I am a relational database developer, like many of you. For over 15 years, I have focused a great deal of time and energy learning SQL Server, understanding the intricacies of query optimization and execution plans. I faithfully applied 3NF to schema design, limiting or eliminating redundant data like a good database developer should.
Then along came an opportunity to use Amazon DynamoDB, and I was thrilled with the promises it made. “Single-millisecond latency at any scale!” After some initial evaluation, reading documentation and marketing materials, it seemed like a good fit for our use case at Nexosis: storing time-series data without a fixed schema. So, we dove in and started building around it.
Then the dark times came. Query performance was more sluggish than could have been imagined. Costs were creeping (and sometimes leaping) upwards. Limitations, initially buried in fine print, were suddenly out in the open, hampering our abilities to balance throughput with cost.
We fought through these obstacles though, and over time, we were able to get DynamoDB performing well enough to serve our customers at a reasonable cost. This blog series is a record of the lessons we learned adopting Amazon DynamoDB as a data store for the Nexosis machine learning platform. It’s not an exhaustive course on DynamoDB, but a set of vignettes focused on specific issues we encountered, and how we overcame them. We came at DynamoDB from a relational database perspective, and that led to certain blindnesses and pitfalls, which hopefully we can help you avoid.

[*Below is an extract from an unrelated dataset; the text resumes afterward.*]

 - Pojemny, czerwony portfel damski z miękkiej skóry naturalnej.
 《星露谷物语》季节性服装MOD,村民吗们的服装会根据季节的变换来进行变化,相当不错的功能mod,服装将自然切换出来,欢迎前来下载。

Understanding costs: read/write capacity units
As a developer, you control the throughput of each DynamoDB table by configuring read and write capacity units (RCUs and WCUs respectively) for the table and the table’s indexes1. Each RCU and WCU provides a guaranteed level of throughput that is spelled out in the DynamoDB documentation, summarized below:
- 1 RCU = Read 1 strongly consistent document (up to 4KB) per second
- 1 WCU = Write 1 document (up to 1KB) per second
Amazon charges per-hour for configured read and write capacity. While prices vary between different AWS regions, for the purposes of this discussion we’ll use the US East region’s prices:
- 1 RCU = $0.00013 per hour, supporting up to 7,200 reads per hour
- 1 WCU = $0.00065 per hour, supporting up to 3,600 writes per hour
Sounds like peanuts right? Let’s use these figures in a real-world example. Say you are designing a DynamoDB table and you anticipate the size of each document will be around 1KB. You want to support 100 document reads and 100 document writes per second for a modest application. We can figure out the monthly cost of your table based on the information above:
- 100 RCU * $0.00013 per hour * 730 hours per month = $9.49
- 100 WCU * $0.00065 per hour * 730 hours per month = $47.45
- Total cost for one table with 100 RCU and 100 WCU for one month = $56.94
The first thing to note is that writing to DynamoDB tables is always far more expensive than reading. In this example, where documents are sized optimally for writing, writing still costs 5x as much as reading. This difference in cost becomes even more pronounced when documents become smaller than 1KB. To make the comparison fair, we will assume that we’re considering the same total volume of data, just split into smaller individual documents.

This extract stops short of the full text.